*** Block opens ***
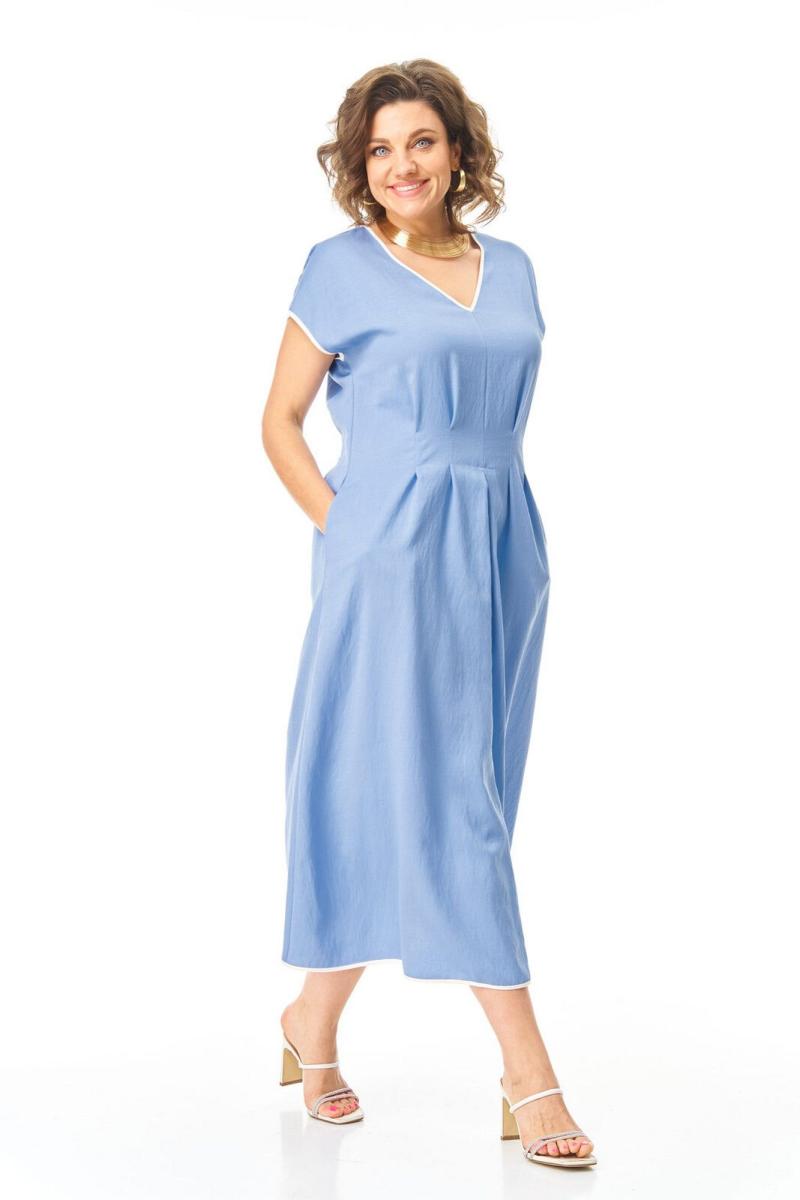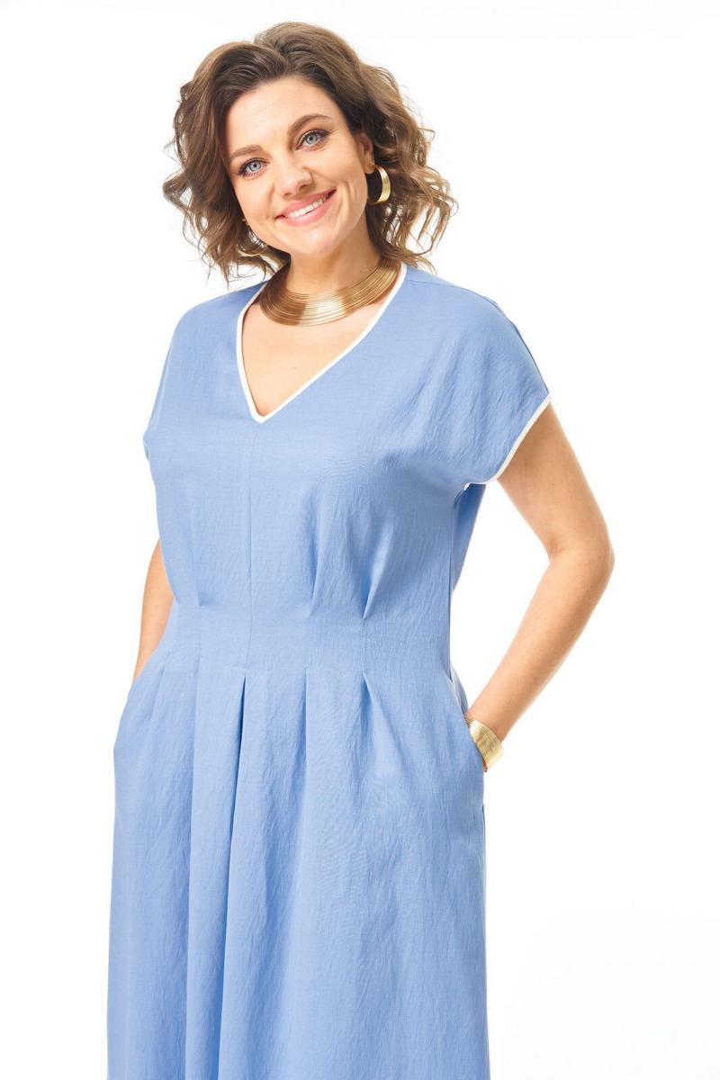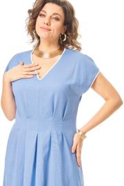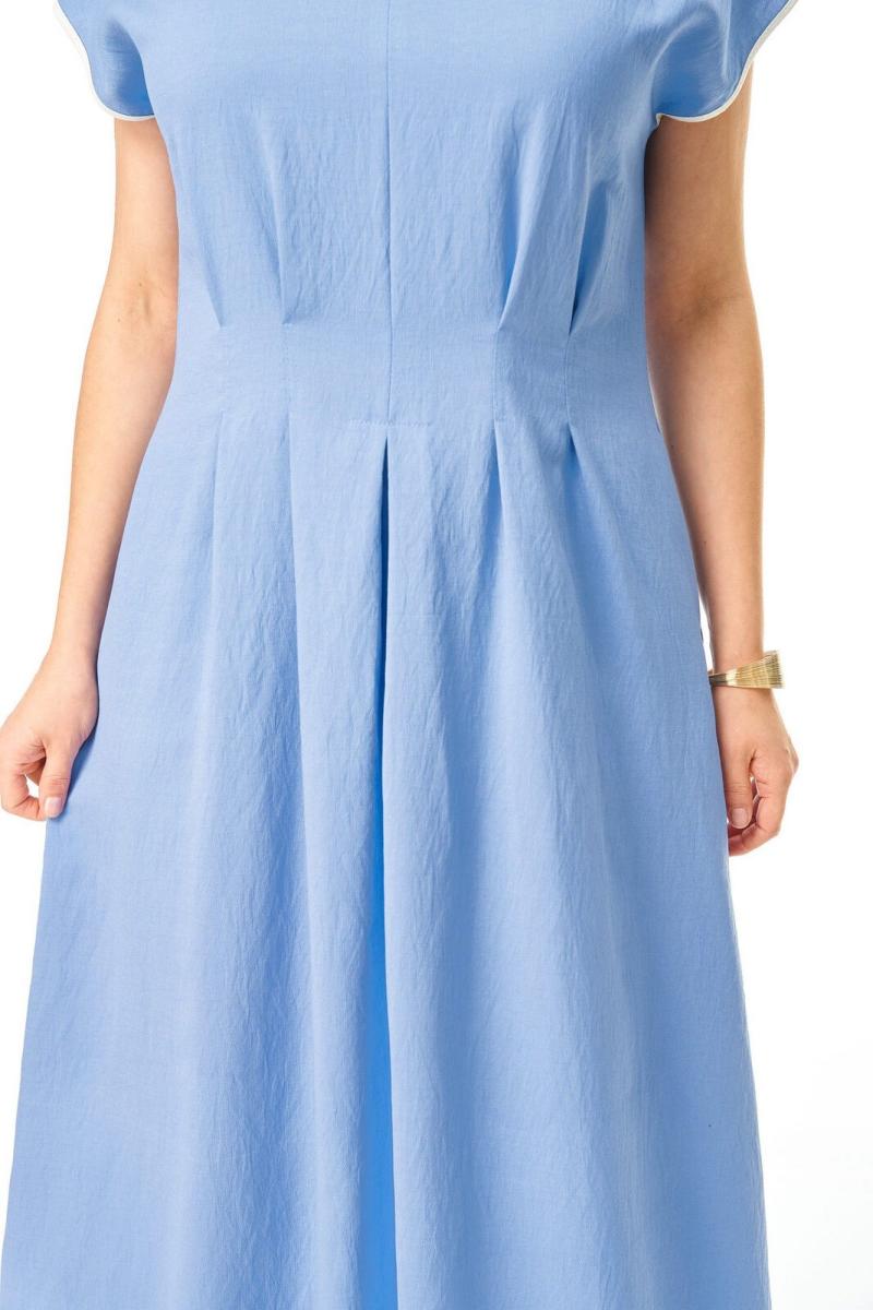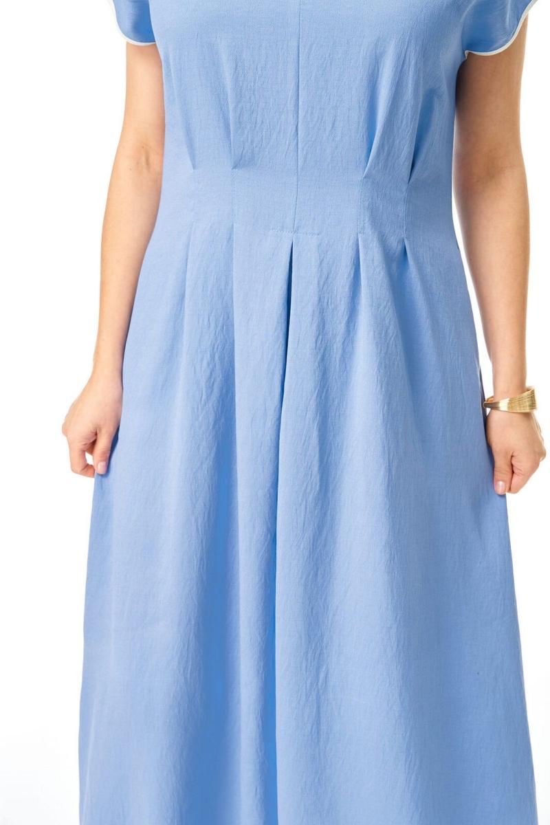 Платье женское полуприлегающего силуэта расширенное к низу со спущенной линией плеча.Рукав типа "летучая мышь".Горловина V-образной формы.В среднем шве спинки застежка на тесьму-молнию.По переду и спинке для придания прилегания застрочены складки.В боковых швах обработаны карманы.Горловина, низ рукава и платья окантованы тканью контрастного цвета.
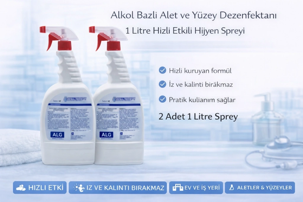 yüzey dezenfektanı, alkol bazlı dezenfektan, alet dezenfektanı, sprey dezenfektan, hijyen solüsyonu, yüzey temizleme dezenfektanı, medikal yüzey dezenfektanı, 1 litre dezenfektan, ekipman temizleyici, yüzey dezenfektanı 2 adet
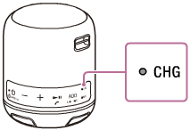 Když reproduktor při nabíjení vestavěné baterie detekuje nějaký problém z důvodu následujících příčin, indikátor CHG (nabíjení) (oranžový) rychle bliká.
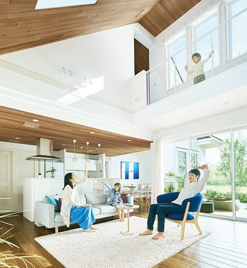 家の中すべてを、「気持ちいい」と感じられる最適な温度と湿度でコントロールするので、開放的な吹き抜けや大空間も快適そのもの。人気の2階リビングなど、住まいづくりの要望を実現できる。加湿機能があるので、乾燥しがちな冬場も、家の中は潤いのある空気で満たされる(※)。
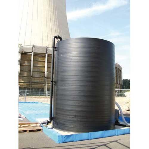 Un système multifonctionnel de stockage secondaire pour fuites de carburant ou de pollutions chimiques. Conforme à la législation environnementale. Bac souple de coloris NOIR 600 gr/m² - Equerres aluminium - Fourreaux couleur jaune
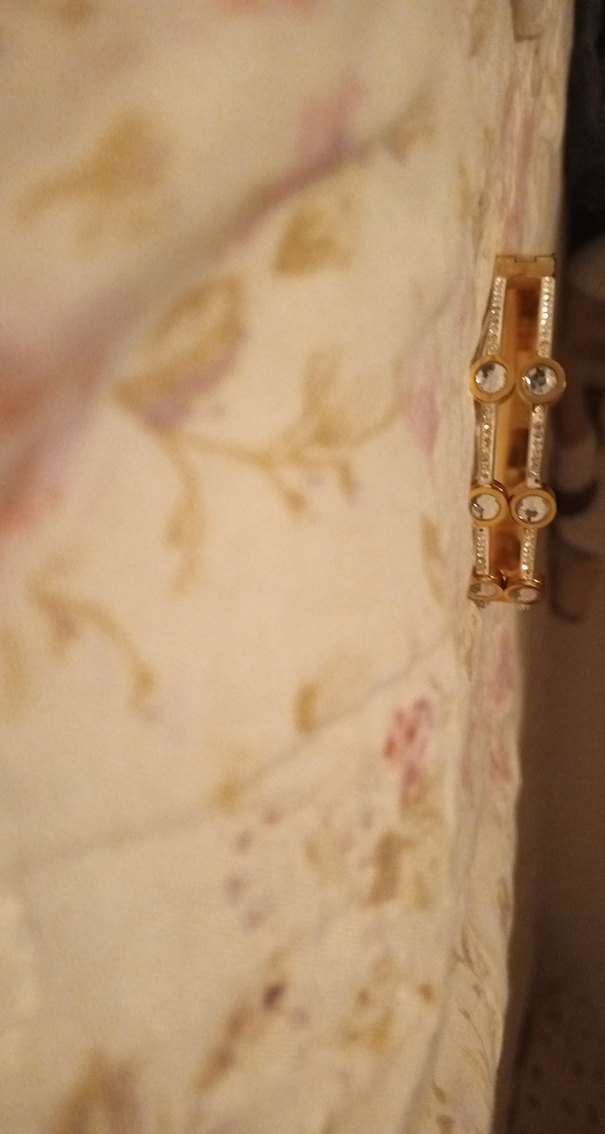 Düğmeli kapamalı, işlemeli desene sahip açık altın renkli kadın bilekliği, vintage ve bohem tarzını birleştirir, düğünler için uygun. ✨
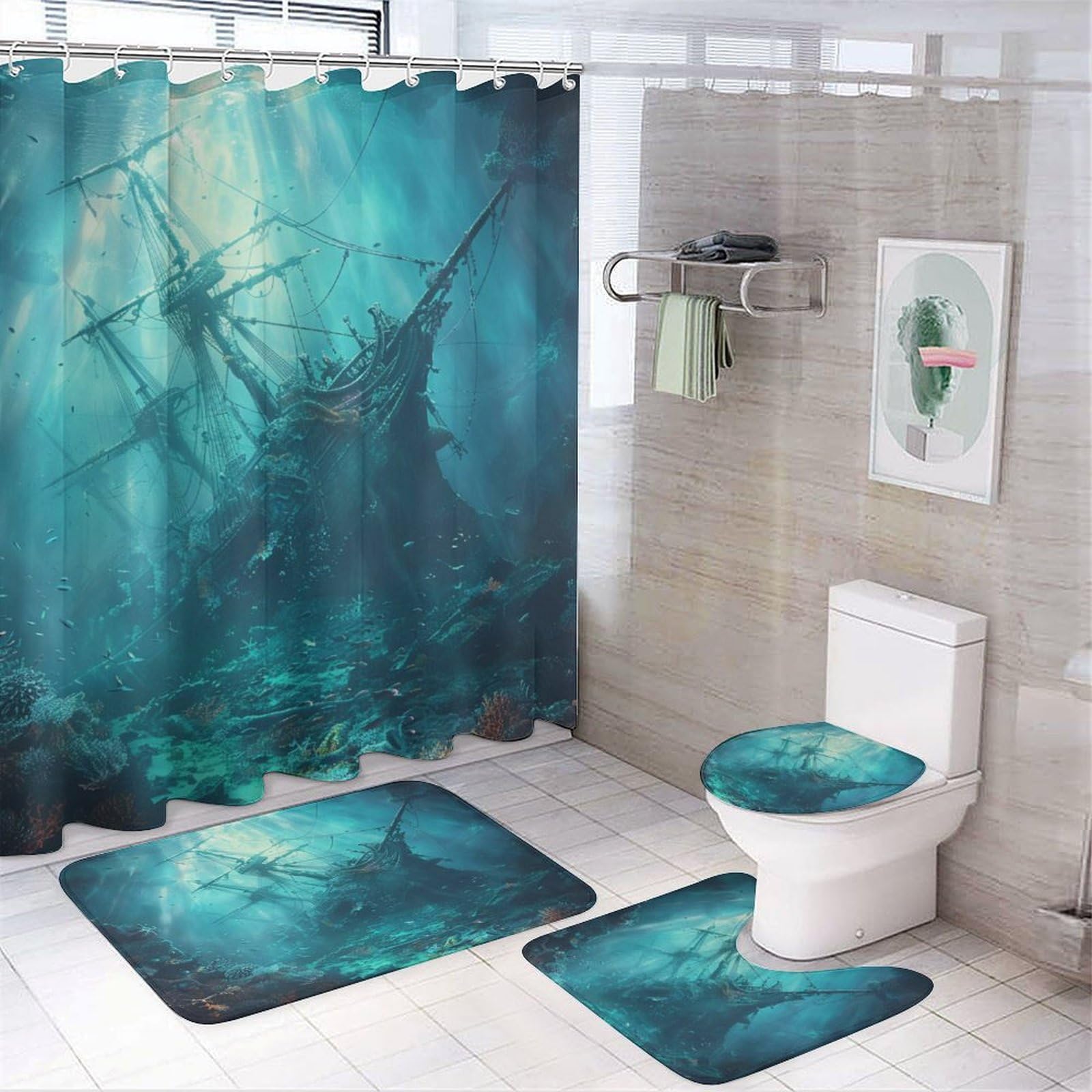 TOWINSFB 4Pcs Ancient Pirate Ship Shower... |
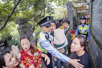 尽管花香四溢,可游客多了难免会产生一些不和谐的小插曲。刚解决了交通问题,金建达的对讲机里就传来了出警指令:下满觉陇125号觉庐茶馆附近有游客发生纠纷。
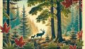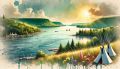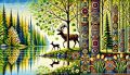 Enchanted Canadian Landscape with Wildlife and Swirling Skies
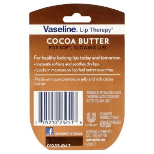 Vaseline Lip Therapy Manteiga de Cacau 7 g (025 oz) – Vaseline Banho e Cuidados Pessoais Lábios Bálsamo Labial.
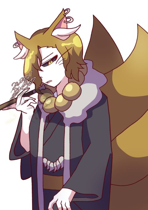 《キャラ紹介🦊》 紺野九三郎(こんの きゅうざぶろう) 九尾の狐です。 白目が黒いキャラクターは主人公の春来に次いで2人目となります。また、piyoNHの作品下では初の喫煙者キャラです。要素詰めすぎなのはいつものこと??
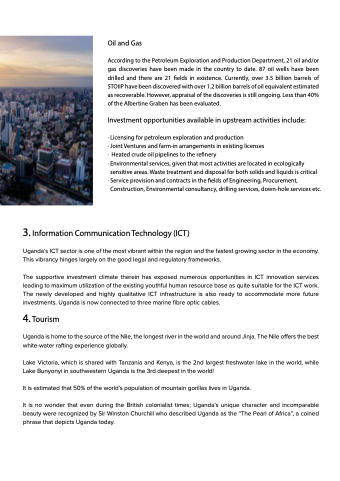 According to the Petroleum Exploration and Production Department, 21 oil and/or gas discoveries have been made in the country to date. 87 oil wells have been drilled and there are 21 fields in existence. Currently, over 3.5 billion barrels of STOIIP have been discovered with over 1.2 billion barrels of oil equivalent estimated as recoverable. However, appraisal of the discoveries is still ongoing. Less than 40% of the Albertine Graben has been evaluated.
*** Block closes ***
* _WHAT THE TASK ASKS_: Write every entry out again exactly, images omitted.

* _ANSWER TO THIS EXERCISE_:
 Платье женское полуприлегающего силуэта расширенное к низу со спущенной линией плеча.Рукав типа "летучая мышь".Горловина V-образной формы.В среднем шве спинки застежка на тесьму-молнию.По переду и спинке для придания прилегания застрочены складки.В боковых швах обработаны карманы.Горловина, низ рукава и платья окантованы тканью контрастного цвета.
 yüzey dezenfektanı, alkol bazlı dezenfektan, alet dezenfektanı, sprey dezenfektan, hijyen solüsyonu, yüzey temizleme dezenfektanı, medikal yüzey dezenfektanı, 1 litre dezenfektan, ekipman temizleyici, yüzey dezenfektanı 2 adet
 Když reproduktor při nabíjení vestavěné baterie detekuje nějaký problém z důvodu následujících příčin, indikátor CHG (nabíjení) (oranžový) rychle bliká.
 家の中すべてを、「気持ちいい」と感じられる最適な温度と湿度でコントロールするので、開放的な吹き抜けや大空間も快適そのもの。人気の2階リビングなど、住まいづくりの要望を実現できる。加湿機能があるので、乾燥しがちな冬場も、家の中は潤いのある空気で満たされる(※)。
 Un système multifonctionnel de stockage secondaire pour fuites de carburant ou de pollutions chimiques. Conforme à la législation environnementale. Bac souple de coloris NOIR 600 gr/m² - Equerres aluminium - Fourreaux couleur jaune
 Düğmeli kapamalı, işlemeli desene sahip açık altın renkli kadın bilekliği, vintage ve bohem tarzını birleştirir, düğünler için uygun. ✨
 TOWINSFB 4Pcs Ancient Pirate Ship Shower... |
 尽管花香四溢,可游客多了难免会产生一些不和谐的小插曲。刚解决了交通问题,金建达的对讲机里就传来了出警指令:下满觉陇125号觉庐茶馆附近有游客发生纠纷。
 Enchanted Canadian Landscape with Wildlife and Swirling Skies
 Vaseline Lip Therapy Manteiga de Cacau 7 g (025 oz) – Vaseline Banho e Cuidados Pessoais Lábios Bálsamo Labial.
 《キャラ紹介🦊》 紺野九三郎(こんの きゅうざぶろう) 九尾の狐です。 白目が黒いキャラクターは主人公の春来に次いで2人目となります。また、piyoNHの作品下では初の喫煙者キャラです。要素詰めすぎなのはいつものこと??
 According to the Petroleum Exploration and Production Department, 21 oil and/or gas discoveries have been made in the country to date. 87 oil wells have been drilled and there are 21 fields in existence. Currently, over 3.5 billion barrels of STOIIP have been discovered with over 1.2 billion barrels of oil equivalent estimated as recoverable. However, appraisal of the discoveries is still ongoing. Less than 40% of the Albertine Graben has been evaluated.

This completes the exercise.